Ann Pettifor

The next crisis

 From ‘The emperor has no clothes’, David Lizoain, Social Europe Journal, 16 April, 2013. [1]

Is there going to be another crisis? Of course there is. The liberalised global financial system remains intact and unregulated, if a little battered. “The crisis has proved itself as a way to solidify the existing economic order” – as Professor Joseph Vogl noted in his paper (Sovereignty effects) to the 2012 INET Conference in Berlin.

Neoliberal economic policies still prevail in all western Treasuries and in major university economics departments, informed by Samuelson’s barter-based theory of money and credit:

“Even in the most advanced industrial economies, if we strip exchange down to its barest essentials and peel off the obscuring layer of money, we find that trade between individuals or nations largely boils down to barter.”  (My emphasis) [2]

With money and money-creation helpfully obscured, and regulation trained on meaningless capital adequacy targets, business-is-better-than-usual for credit-creating commercial bankers, even while their balance sheets effectively remain under water.

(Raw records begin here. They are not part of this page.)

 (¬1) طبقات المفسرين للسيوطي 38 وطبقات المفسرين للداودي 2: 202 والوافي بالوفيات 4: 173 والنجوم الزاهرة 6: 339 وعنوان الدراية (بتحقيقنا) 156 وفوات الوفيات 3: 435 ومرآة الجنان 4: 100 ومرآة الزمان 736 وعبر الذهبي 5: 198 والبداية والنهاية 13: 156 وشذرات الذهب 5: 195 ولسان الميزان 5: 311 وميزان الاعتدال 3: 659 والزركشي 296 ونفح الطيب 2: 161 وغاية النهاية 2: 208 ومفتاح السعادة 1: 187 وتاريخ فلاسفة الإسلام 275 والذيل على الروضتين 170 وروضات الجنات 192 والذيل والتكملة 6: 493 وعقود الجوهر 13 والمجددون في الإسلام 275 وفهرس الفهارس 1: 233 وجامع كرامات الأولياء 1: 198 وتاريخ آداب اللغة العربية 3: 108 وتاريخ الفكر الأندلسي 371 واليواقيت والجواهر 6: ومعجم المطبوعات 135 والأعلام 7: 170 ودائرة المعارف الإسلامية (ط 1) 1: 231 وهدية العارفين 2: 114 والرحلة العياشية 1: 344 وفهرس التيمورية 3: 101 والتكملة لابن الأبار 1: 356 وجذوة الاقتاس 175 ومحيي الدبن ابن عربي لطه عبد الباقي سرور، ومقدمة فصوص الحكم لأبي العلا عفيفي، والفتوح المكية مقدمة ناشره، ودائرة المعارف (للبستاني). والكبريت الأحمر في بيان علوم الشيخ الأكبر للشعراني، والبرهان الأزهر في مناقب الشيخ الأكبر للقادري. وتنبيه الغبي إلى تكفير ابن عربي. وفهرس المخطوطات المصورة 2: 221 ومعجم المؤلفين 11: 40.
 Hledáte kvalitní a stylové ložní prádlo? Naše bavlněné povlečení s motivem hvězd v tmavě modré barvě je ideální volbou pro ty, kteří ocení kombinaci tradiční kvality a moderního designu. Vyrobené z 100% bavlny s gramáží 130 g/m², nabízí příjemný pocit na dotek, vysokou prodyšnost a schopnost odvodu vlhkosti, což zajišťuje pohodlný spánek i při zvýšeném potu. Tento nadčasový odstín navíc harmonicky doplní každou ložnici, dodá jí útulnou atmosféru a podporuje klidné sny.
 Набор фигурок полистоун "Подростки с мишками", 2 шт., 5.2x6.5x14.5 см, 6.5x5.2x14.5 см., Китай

Central banks provide liquidity for speculation; taxpayers guarantee their risk-taking, and in a strange reversal of the purpose of banking, bankers no longer lend into the economy. Instead depositors and savers lend to bankers – expecting no return. In the meantime the discipline of the invisible hand is relegated to ancient textbooks.

Central banks, by their own admission, have used money market operations –  ‘easy, cheap money’ –  to ‘buy time’ and inflate asset bubbles, enriching the asset-rich, while austerity has impoverished the wage- and income-dependent.

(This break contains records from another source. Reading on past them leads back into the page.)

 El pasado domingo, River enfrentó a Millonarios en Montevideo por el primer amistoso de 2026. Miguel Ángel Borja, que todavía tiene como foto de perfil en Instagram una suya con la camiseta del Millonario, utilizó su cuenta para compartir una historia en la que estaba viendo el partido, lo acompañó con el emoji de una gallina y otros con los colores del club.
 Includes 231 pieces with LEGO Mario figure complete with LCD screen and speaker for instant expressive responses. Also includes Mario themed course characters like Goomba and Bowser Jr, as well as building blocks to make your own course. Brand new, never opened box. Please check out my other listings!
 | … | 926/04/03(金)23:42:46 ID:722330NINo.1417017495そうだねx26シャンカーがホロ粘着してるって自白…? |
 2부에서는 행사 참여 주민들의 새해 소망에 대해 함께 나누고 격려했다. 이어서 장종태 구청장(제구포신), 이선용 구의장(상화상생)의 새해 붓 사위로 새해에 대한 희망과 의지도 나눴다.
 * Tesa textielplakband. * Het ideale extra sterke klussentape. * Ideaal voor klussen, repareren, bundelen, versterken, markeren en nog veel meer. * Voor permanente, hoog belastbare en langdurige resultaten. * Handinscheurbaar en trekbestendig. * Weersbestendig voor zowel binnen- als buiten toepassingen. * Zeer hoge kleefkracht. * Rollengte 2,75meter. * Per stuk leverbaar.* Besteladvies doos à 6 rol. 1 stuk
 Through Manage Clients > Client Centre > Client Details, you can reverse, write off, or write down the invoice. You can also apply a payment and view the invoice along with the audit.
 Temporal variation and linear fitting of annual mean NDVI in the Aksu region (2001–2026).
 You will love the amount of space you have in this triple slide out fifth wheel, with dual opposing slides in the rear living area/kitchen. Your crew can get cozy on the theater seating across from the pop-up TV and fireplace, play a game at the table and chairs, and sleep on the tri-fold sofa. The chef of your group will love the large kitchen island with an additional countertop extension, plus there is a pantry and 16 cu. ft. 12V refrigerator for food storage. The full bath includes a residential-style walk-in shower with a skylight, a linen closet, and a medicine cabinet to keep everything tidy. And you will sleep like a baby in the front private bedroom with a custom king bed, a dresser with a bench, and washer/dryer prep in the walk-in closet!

Western politicians remain obeisant to Big Money, and on behalf of finance capital ruthlessly extract fictitious wealth created during the credit boom from their citizens, using austerity and ‘re-balancing’ as the cover.

Finance capital reigns supreme in political centres of power. The revolving door between the world’s biggest banks – Goldman Sachs, JP Morgan Chase and Citigroup – and finance ministries, central banks and political institutions – keeps revolving and by that means maintains the status quo.

The most egregious recent example is that of Mario Draghi, now governor of the European Central Bank, but in the 1990s director-general of the Italian Treasury. There, according to an investigation by the Financial Times [3], he worked with private investment banks to arrange derivative contracts designed to disguise the scale of Italy’s debt from EU authorities – to ease Italy’s entry into the Eurozone.  Draghi moved from the Italian Treasury to Goldman Sachs in 2002 – 2005, and from there it was one easy step to the governorship of the Bank of Italy in 2006. There he supervised and allowed Banca Monte dei Paschi di Siena SpA to mask losses 367 million-euros, which later required a taxpayer-funded bailout.[4] This experience qualified him for the role of governor of the European Central Bank in 2011.

Debtonation and deleveraging

Back in 2006 I wrote a modest little book which the publisher insisted on entitling ‘The coming first world debt crisis’ – a title I believed would be out of date by the time of publication in September that year. I was wrong.  The world’s vast credit bubble had another year to expand before the ‘debtonation’ of 9th August, 2007, when inter-bank lending froze. Even then the public remained ignorant of the full extent of the crisis until the bankruptcy of Lehman’s bank in September, 2008.

I was wrong about another thing: that the ‘debtonation’ would lead to a bursting of the global credit bubble; to a sustained period of global bank bankruptcies, debt write-offs and de-leveraging. Not so. Some big banks failed, many small US banks failed; but the overwhelming majority are still upright, thanks to extraordinary support and ‘accommodation’ by taxpayer-backed central banks. While 11.2 million American property owners have been foreclosed upon, and the US appears to be the only western economy to have begun the process of reducing the ratio of debt to GDP by 14%, debt-deleveraging – according to McKinsey and Co – has barely begun in the ten largest developed economies. [5]

deleveraging
deleveraging
deleveraging by country
deleveraging by country

Banks, firms and households in western economies are still burdened by debts that will never be repaid. Much of that debt is phantom wealth, created out of thin air during the boom years. Behind the smokescreen of ‘austerity’ governments are colluding with finance capital to confiscate that wealth, and use it to shore up the private banking sector: “converting fictitious claims into more tangible gains” to quote David Lizoain [1].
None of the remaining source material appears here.